A White House spokeswoman did not respond to a request for comment and, as of this writing, Trump hasn’t responded to the piece on Twitter.
If history is any guide, it might be only a matter of time before he does. Throughout his White House bid, Trump repeatedly lashed out at the Wall Street Journal, which is owned by Rupert Murdoch.
In October of 2015, Trump took to Twitter to issue a warning to the newspaper. “They better be careful,” he tweeted, “or I will unleash big time on them. Look forward to it!”
And Trump didn’t limit his attacks to the Journal’s editorial page, long considered a bastion of conservative principles. Following the release of a NBC News/Wall Street Journal poll last year showing him trailing his GOP primary rival Ted Cruz, Trump dismissed the findings as “phony” and “a Rupert Murdoch hit.”
Trump and Murdoch gradually warmed up to each other during the campaign, and all seems friendly between the two these days.

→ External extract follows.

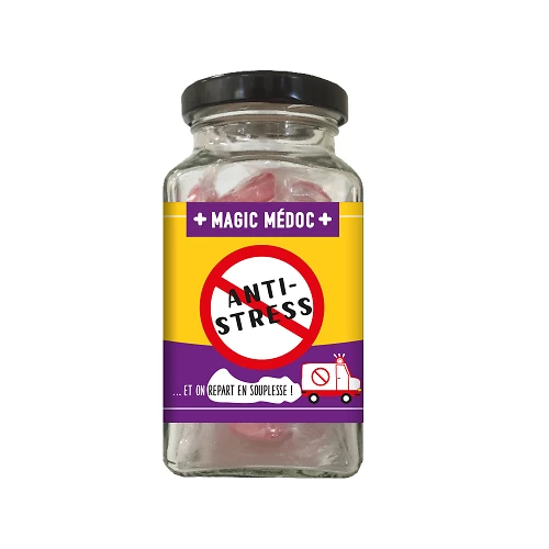 Bonbons Magic Médoc – Anti Stress. Bonbons magiques coeur en verrine de 90g. Indispensables en cas de gros stress, grosses paniques, petites inquiétudes et tracas de toutes sortes ! Un traitement efficace qui permet de tout affronter avec souplesse ! Efficace et naturel !

In January, Trump called Murdoch “a great guy who likes me much better as a very successful candidate than he ever did as a very successful developer.” And NPR reported last week that Trump calls Murdoch “as often as multiple times a week.”
Another Murdoch property, Fox News, has been vociferously pro-Trump, often supplying information that winds up in the president’s tweets.
But the Journal’s editorial writers haven’t quite gotten there. Two days before the election, they wrote that the “best hope for a Trump Presidency is that he has aligned himself with enough sound policy impulses that he could liberate the U.S. economy to grow faster again.” More recently, the editorial board has praised Trump’s pick for the Supreme Court, Neil Gorsuch.
But even the most complimentary editorials are often tinged with caution and resignation. The same editorial that spoke of the board’s “best hope” for the Trump presidency cautioned that it would be accompanied by “his manifest personal flaws.”
Last spring, after Trump had wrapped up the GOP nomination, the Journal’s editorial writers acknowledged that they saw the race differently than the party’s rank-and-file.
“Mr. Trump wasn’t our first choice, or even the 15th,” they wrote, “but the reality is that more GOP voters preferred him to the alternatives.”